- Open Access
Editorial: Wishful thinking
© Maldonado et al. 2004
- Received: 10 August 2004
- Accepted: 06 September 2004
- Published: 06 September 2004
As a supplement to our lead editorial, the editors of the new journal, Epidemiologic Perspectives & Innovations, provide a partial list of specific analyses and topic areas they would like to see submitted to the journal.
In our lead editorial , the editors of Epidemiologic Perspectives & Innovations (EP&I) present the underlying goals and philosophy of the journal, along with the types of articles we hope to publish. Here we clarify our goals with some specific ideas about articles we would like to see submitted to EP&I and with a "wish list" of methodological research and selected other innovations and perspectives we believe the field needs.

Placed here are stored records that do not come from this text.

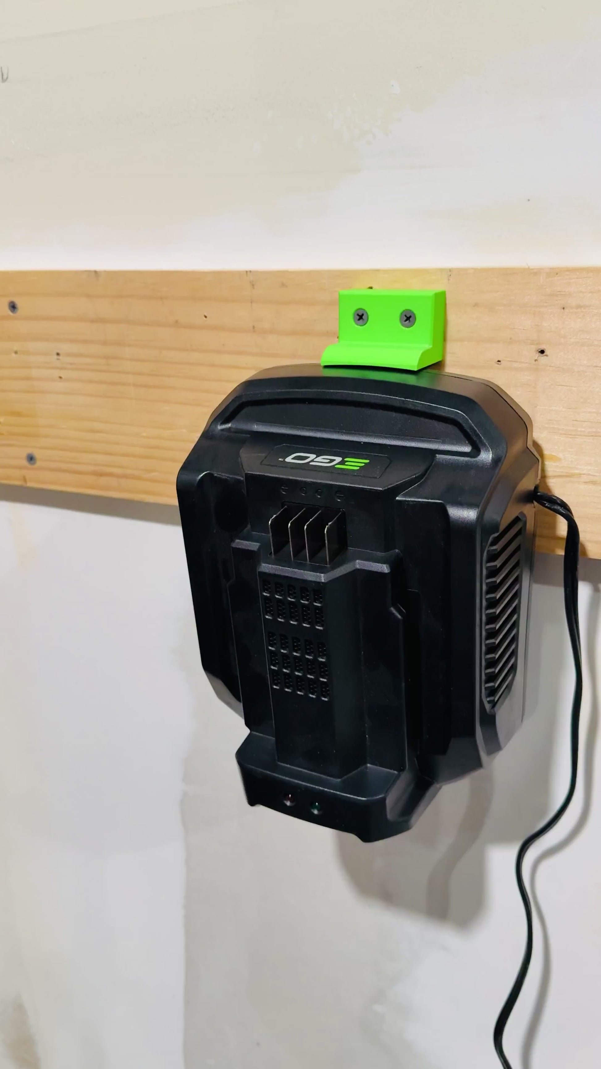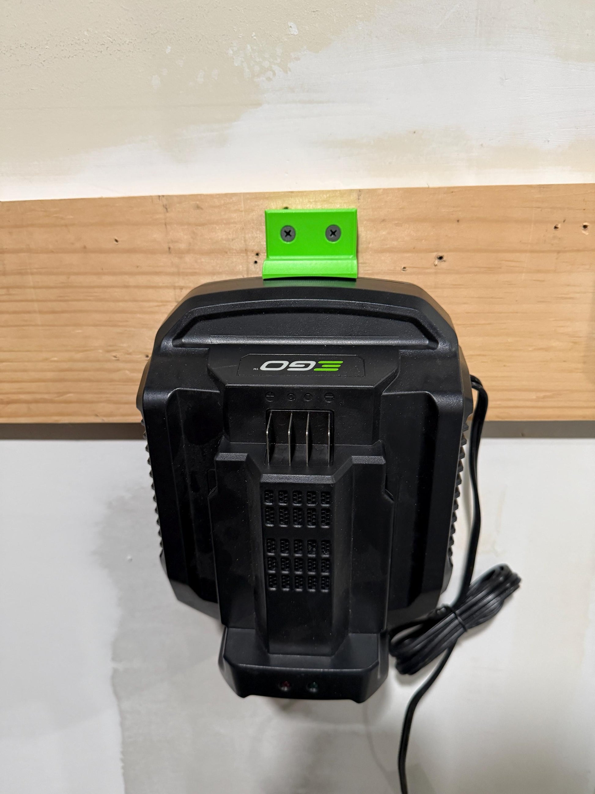Mounting your EGO Battery Charger has never been easier. The wall plate is designed with holes 3 and 4 in on center. No need for a tape measure, just level and screw in leaving some of the screw head exposed for the battery mount to lock into. Top piece is designed to keep the charger in place when lifting a battery off the charger.
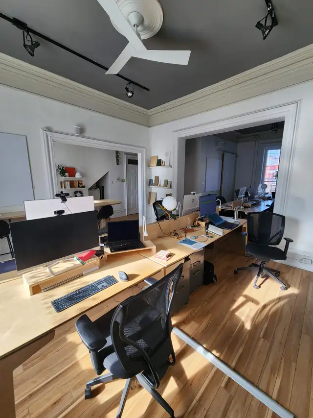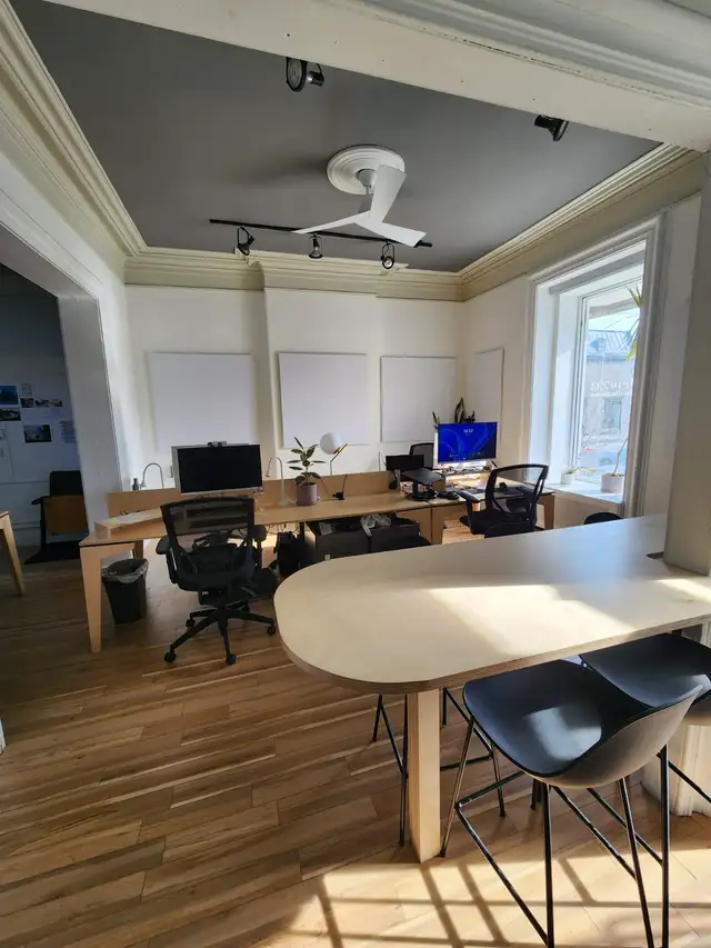 Nice commercial space for rent on the 2nd floor of Victorian style building. 875 sq feet. Sunny side. Available July 1st or earlier. Ideal for office. Owner's phone: (514) 550-9162
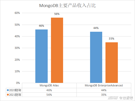 数据显示,MongoDB的收入95%以上都来源于产品的订阅销售。分开来看,主要产品包括MongoDB Atlas、MongoDB EnterpriseAdvanced,2020-2021财年MongoDB Atlas收入占总收入的46%、56%,MongoDB EnterpriseAdvanced收入占总收入的44%、35%,可以看出,MongoDB Atlas收入占比逐年上涨,MongoDB EnterpriseAdvanced收入占比则是有所下降。
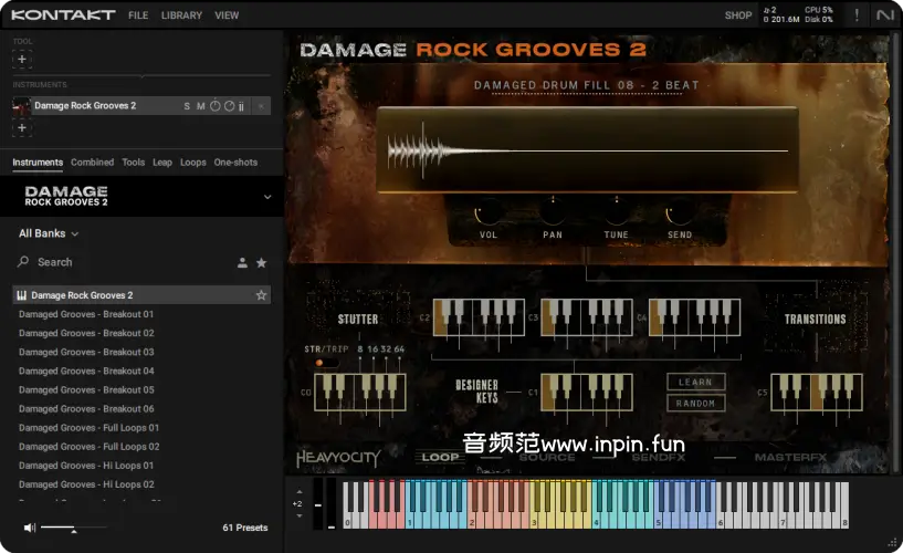 - 除了标准的鼓和打击乐音色外,Heavyocity还加入了合成器、电子音效和音色设计元素,创造出一种极具冲击力和独特感的音响。
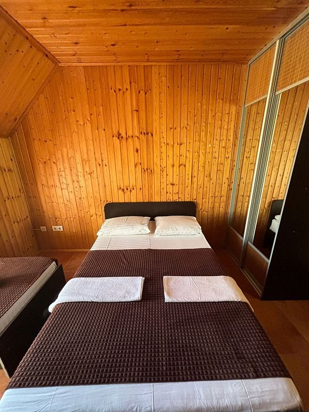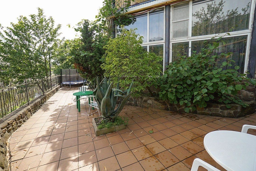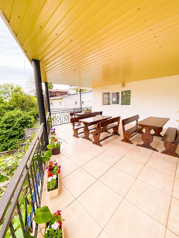 Для удобства отдыхающих на втором этаже организована общая кухня, есть просторные веранды на втором и третьем этажах. Во дворике организована мангальная зона, среди прочих услуг – безлимитный интернет, прачечная и багажная комната.
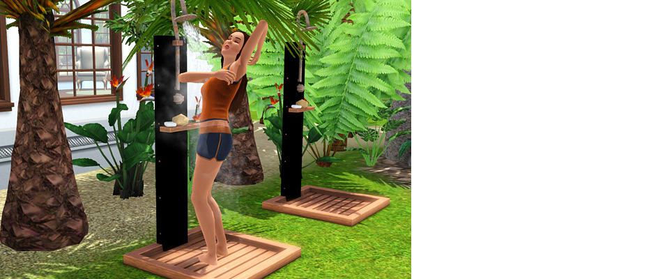 Se tomares duche ao ar livre não embacias os espelhos! É a maneira mais divertida de tomar duche e agora está disponível para compra individual na Os Sims 3 Store!
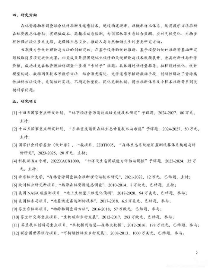 北京林业大学林学院 侯正阳课题组 诚招博士研究生! 课题组简介 导师:侯正阳,副教授,青年研究员,森林学学科党支部书记。 国际背景:拥有芬兰东芬兰大学博士学位、欧盟erasmus mundus双硕士学位(芬兰+瑞典),并曾于美国明尼苏达大学、内华达大学及欧洲林业研究所从事多年研究与博士后工作。 科研实力:长期聚焦森林资源调查、统计推断与遥感技术融合研究,主持国家十四五重点研发计划子课题、国家社科基金(统计学)等多个国家级项目,参与多项欧美大型科研计划(如nasa碳监测、美国林务局项目、芬兰重点研究项目等)。 研究方向:重点围绕数学统计方法(抽样设计、估计量推导、模型构建、数据同化、不确定性量化)与激光雷达/光学遥感技术相结合,致力于解决森林资源动态监测、碳汇评估、生物多样性保护等关键科学问题,服务于国家林草生态监测与碳中和战略目标! 我们希望您具备 · 专业背景:已获得或即将获得硕士学位,专业为数学、统计学及相关领域; · 科研素养:扎实的数理统计基础,良好的逻辑思维与数据分析能力,熟悉r/python等编程工具; · 研究兴趣:对数学及统计在生态、环境与遥感等领域的应用具有浓厚兴趣,具备独立探索能力与科研责任感; · 招生类型:推免直博、公开招考博士生名额开放,欢迎有志于深入科研的优秀学子加入! 加入我们,您将 1. 参与国家级重点课题,立足森林遥感与统计交叉学科前沿; 2. 系统掌握高级统计建模、抽样理论、遥感数据处理等核心研究方法; 3. 面向国家林草生态监测与碳汇核算等重大需求开展具有实际影响力的研究; 4. 依托导师广泛的国际合作网络,拓展国际学术视野,有机会参与海外交流与研究; 5. 融入北京林业大学林学院优质平台与青年pi团队,获得全面的科研支持与学术指导。 申请方式 有意者请将以下材料发送至导师邮箱:houzhengyang@bjfu.edu.cn · 个人简历(含教育背景、科研经历与成果等) · 成绩单 · 代表性论文或研究报告(如有) · 邮件主题请注明:【博士申请-姓名-毕业院校-专业】 · 微信咨询(请备注姓名+学校+专业):13801139774(或通过邮箱联系) 我们期待对统计与森林生态遥感怀有热忱的青年科研人才加入,共同以数据科学与先进技术守护绿水青山! #博士生招聘 #博士申请 #北京林业大学 #森林遥感 #统计生态 #碳汇监测 #科研团队 #学术平台 发自小木虫手机客户端 |
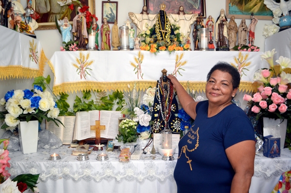Vera Lúcia de Assunção é devota fervorosa de Nossa Senhora Aparecida e tem um cômodo em sua casa dedicado a orações. O espaço é um refúgio particular e íntimo, onde realiza suas orações, com agradecimentos e pedidos a si e aos outros, sempre com a disposição de oferecer um apoio aos que mais precisam.
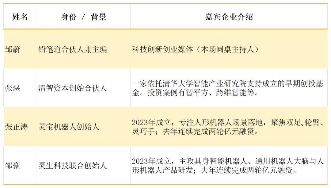 参与讨论的嘉宾包含:1位长期关注人形机器人的投资人,2位人形机器人创业家(见下表)。
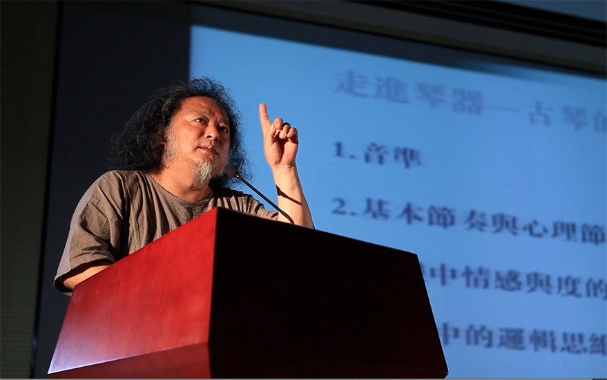 讲座以“重识琴道”、“走进琴器”、“古琴文化的传承”三部分展开,亦讲亦演,分享王鹏先生多年来于古琴文化传承的心得——通过习琴,实践生活美学精神,结合中华经典传统文化,向全社会推广,以返其天真、涵养人性、净化人心。
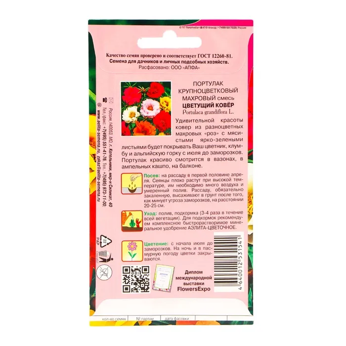 Семена цветов Портулак "Цветущий ковёр" махровый смесь, 0,1 г — Характеристики
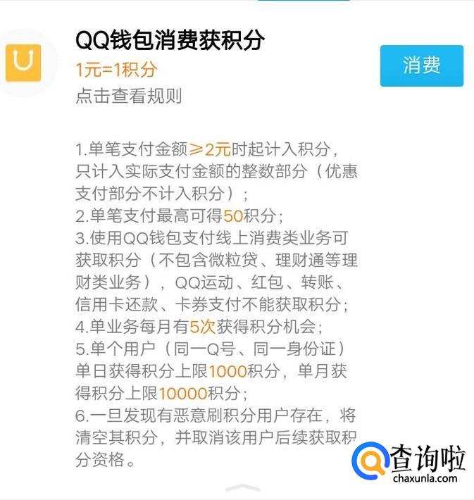 首先,最简单的方法就是QQ钱包消费来领积分,一般的话是一块钱一个积分。
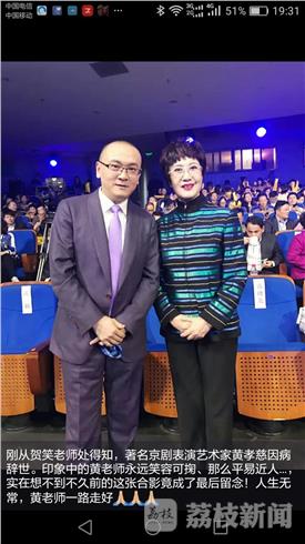 听说黄孝慈老师去世的消息,贺笑在朋友圈里发出了悼念。江苏城市频道主播大林也向黄老师的去世表示哀悼。
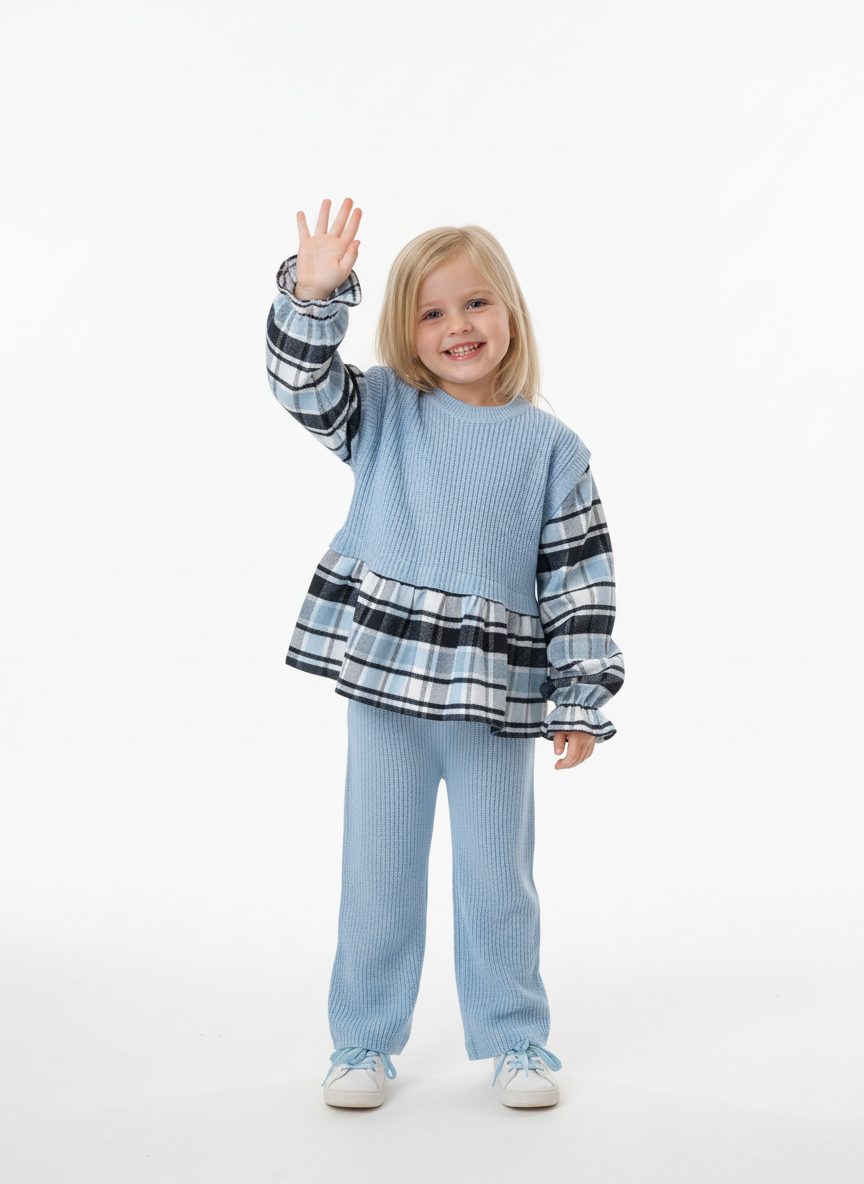 سوت تريكو بنات أزرق كاروهات – ملابس أطفال بنات شتوية أنيقة 2025Girls Knit Two-Piece Outfit | سوت بناتي
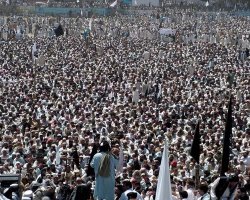 A grand congregation to celebrate promulgation of Shariah Nizam-e-Adl Regulation (SNAR), in Swat, Pakistan where Pakistani forces have been engaged in an operation against the Taliban. Photo by BGNES
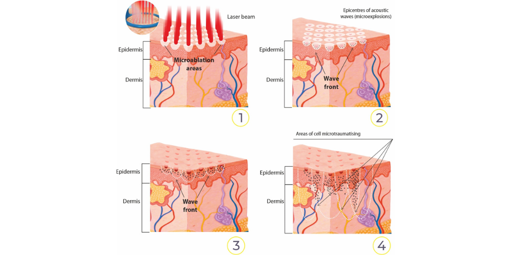 Les études histologiques montrent qu'il n'y a pas de nécrose de coagulation ni de formation de fibrose. Au contraire, le tissu est remplacé par du nouveau collagène et des structures saines, avec une amélioration de la microcirculation et du trophisme.
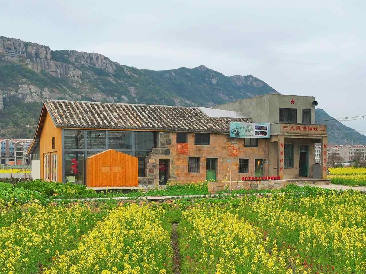 松门镇松建村里,一处老屋格外吸睛——几近倒塌的石墙原汁原味地保留,以玻璃衔接延伸,变身咖啡馆,入驻了非遗手作,还有艺术家常来办展。
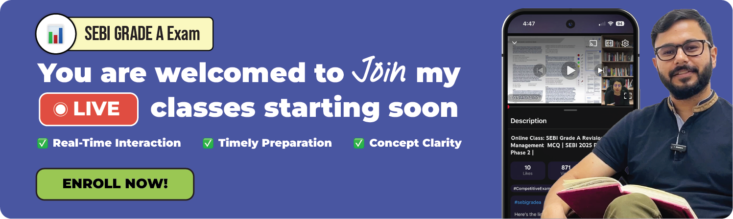 I am an ex-SBI Manager and educator with a JRF in Commerce & Management, known for simplifying regulatory body preparation through clarity, structure, and exam-centric guidance.

This list is far from complete, and we want to emphasize that our intention is not to discourage submissions on topics not specifically mentioned here. EP&I welcomes submissions of any papers in and of epidemiology, with the exception of those that solely report research results. "In and of" epidemiology includes papers about epidemiology and those grounded in other disciplines that might be useful for epidemiology. Many of our articles will be highly quantitative, but non-quantitative analyses are also welcome. We welcome submissions whose premises about how the field should be advancing differ from those of this editorial.
EP&I hopes to help bridge the gap from best-practice methods to epidemiologic practice and teaching, and from there to epidemiology-based decision making.
There is a gap between what methodologists know about doing epidemiology and standard epidemiologic practice. We believe that narrowing this gap is as important as the development of new methodological ideas. Papers that would narrow this gap are encouraged. These could take different forms, including: clear presentations of advanced methods that are underutilized (perhaps written as tutorials or applications), surveys of epidemiologic practice to assess where the gaps might be, papers that function as advanced textbook chapters, and teaching articles. We will give the highest priority to papers that achieve excellence in explanation.
On a similar note, we would like to publish methods articles that fall into the category we call, "Don't Reinvent the Wheel." Other fields have different sets of methods that could be useful to epidemiologists, including observational methods from econometrics and related social sciences, uncertainty analysis methods from engineering and business, and historical perspectives from sciences with a longer history.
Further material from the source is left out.